Gastroenteropancreatic neuroendocrine neoplasms (GEP-NEN) account for approximately 70% of neuroendocrine neoplasms and approximately 1.5–2% of all gastrointestinal and pancreatic neoplasms(1,2). GEP-NEN arise from diffuse endocrine system (DES) cells present in the pancreas and the gastrointestinal system(1,3). Neuroendocrine tumours of the pancreas account for 7% of all GEP-NEN and approximately 10% of all pancreatic neoplasms(4). In recent years an increase in the prevalence of gastric and rectal NEN versus intestinal NEN has been observed(1,5–10). The NEN detection rate has significantly increased over the last few decades(1,3). Currently, it is estimated that NEN incidence is 3–5.2/100,000 new cases per year. The general prevalence rate for these neoplasms is 35/100,000 cases on average, i.e. 5.86/100,000 individuals per year(1,3). The prevalence of NEN in men is higher than that in women (52%; 5.35/100,000/year vs 48%; 4.76/100,000/year)(1,3). A higher risk of the disease has been noted in African Americans, Latinos and Asians and the mean age upon diagnosis is 63 years(5,6). The majority of NEN are sporadic in nature and develop approximately 15 years later than the rarer NEN associated with genetic syndromes (25%)(4,7). Pancreatic neuroendocrine neoplasms (mainly hormonally inactive ones) and gastrinoma occur in 25–75% patients with MEN1 syndrome(7). In patients with a mutation in the VHL gene, neuroendocrine tumours are usually benign, while other neoplasms occurring in this syndrome (e.g. clear cell renal cell carcinoma) are malignant(7,8). Pancreatic neuroendocrine neoplasms in NF1 syndrome and tuberous sclerosis complex are rare (1%); the diagnosis is made in late-stage disease(9).

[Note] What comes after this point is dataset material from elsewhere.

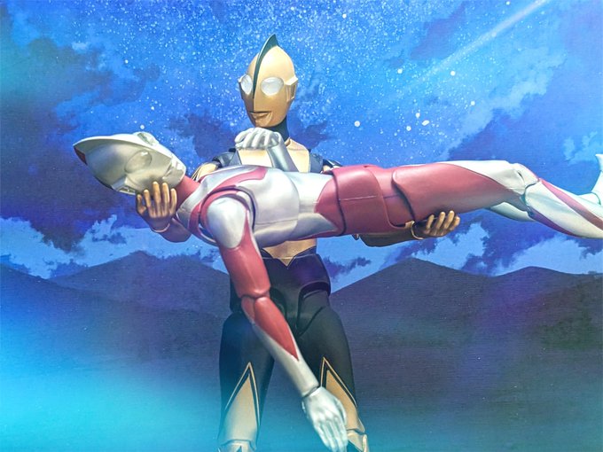4/18「帰」 #フィギュア撮影会の友 #フィギュアーツ写真部 #夜のフィギュア撮影会 戦いの果てに力尽きたウルトラマンの前に、光の星からの使者が現れる。 「さあ、光の星へ帰ろう。ウルトラマン」

In the majority of GEP-NEN cases no risk factor for the development of a tumour was identified. It was observed that hypergastrinaemia, diabetes and ulcerative colitis may be associated with the development of NEN, but no cause-and-effect relationship was confirmed(4).
A special feature of NEN is the production of hormones or biogenic amines which can produce numerous clinical symptoms. In the case of disease spread symptoms of carcinoid syndrome may occur such as diarrhoea, tachycardia, hot flushes and reddening of the skin(3). The majority of NEN are hormonally inactive with uncharacteristic symptoms associated mainly with the local development of a tumour (abdominal pain, compression, ileus) or spread to the liver(4).
Currently, more than half of GEP-NEN are detected incidentally, usually during surgery of the small intestine and appendix and in imaging studies or endoscopic procedures performed for other indications(1,4). Sometimes the first symptom of the disease is metastatic lesions in the liver(1,4). The proportion of small intestinal NEN in which the primary lesion was not found is approximately 70%. The 5-year survival rate for these patients is estimated to be 50%(10).
A neuroendocrine tumour is diagnosed based on clinical presentation, assessment of specific and non-specific NEN markers, imaging studies and histopathological examination(4). As for laboratory testing, assay of chromogranin A (CgA), which is a characteristic, but non-specific marker, may be helpful. The monitoring of changes in the levels of this marker may be very helpful for excluding recurrence or spread of the neoplastic process, particularly for NEN arising from the small intestine(1). Other markers assessed depending on the symptoms presented by the patient and the suspected type of NEN include: chromogranin B, pancreatic polypeptide, gastrin, 5-hydroxyindoleacetic acid (5-HIAA), glucose, insulin, C-peptide, glucagon and vasoactive intestinal peptide (VIP). If MEN1 is suspected, the assessment of pituitary function, evaluation of calcium and phosphate balance and genetic testing are necessary. A diagnostic novelty is NETest with the assessment of expression of selected gene transcripts characteristic for NEN. The evaluation of circulating microRNA, which are stable in body fluids and characteristic for a given neoplasm, is a promising method(1,11).
Many different classifications have been proposed in the history of neuroendocrine neoplasms. The most recent one, adopted by the World Health Organisation (WHO) in 2017, introduced a division according to the histological grade of the neoplasm (the G feature) and the proliferation index (Ki-67) into four groups: NEN G1, G2 and G3 and NEC (neuroendocrine carcinoma(1).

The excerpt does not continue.